Parallèlement, l’Union européenne et les États-Unis multiplient les annonces de financements verts, tandis que la Turquie, via Eximbank Ankara, signe un accord de co-garantie de 500 millions de dollars. La pluralité des partenaires est accueillie avec pragmatisme : « Nous acceptons tout appui qui respecte notre agenda 2063 », glisse une source de l’Union Africaine. L’ombre du découplage sino-américain plane néanmoins, chaque camp cherchant à capter les débouchés d’un marché de 1,4 milliard de consommateurs.

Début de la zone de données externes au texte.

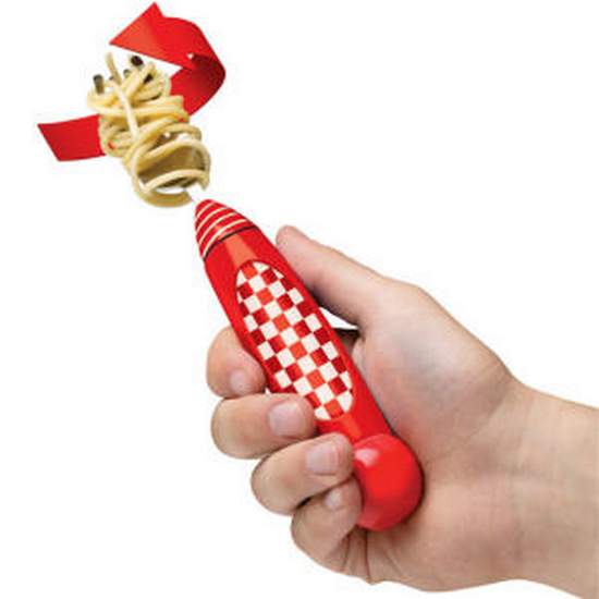 See, we’ll install a small battery operated motor and when you turn it on, the head of the fork will spin and twirl the pasta onto it for you.

Perspectives d’intégration financière
Les AAM2025 s’achèveront sur l’adoption attendue d’un plan quinquennal axé sur la titrisation des portefeuilles bancaires africains et la création d’un indice de référence paneuropéen-panafricain. Si certains délégués y voient un saut qualitatif, d’autres redoutent un empilement d’initiatives sans moyens de coordination. Pour l’ancien président de la Banque africaine de développement, Donald Kaberuka, « la fragmentation des régulateurs demeure le talon d’Achille de l’intégration » (Financial Times).
En clôture, le professeur Oramah devrait rappeler que l’enjeu est autant symbolique que financier : faire d’Afreximbank la “banque centrale du commerce africain”. Qu’il s’agisse d’un slogan ou d’un cap, Abuja aura démontré que l’Afrique, forte d’une démographie vigoureuse et d’une stratégie industrielle embryonnaire, n’entend plus attendre des solutions venues d’ailleurs.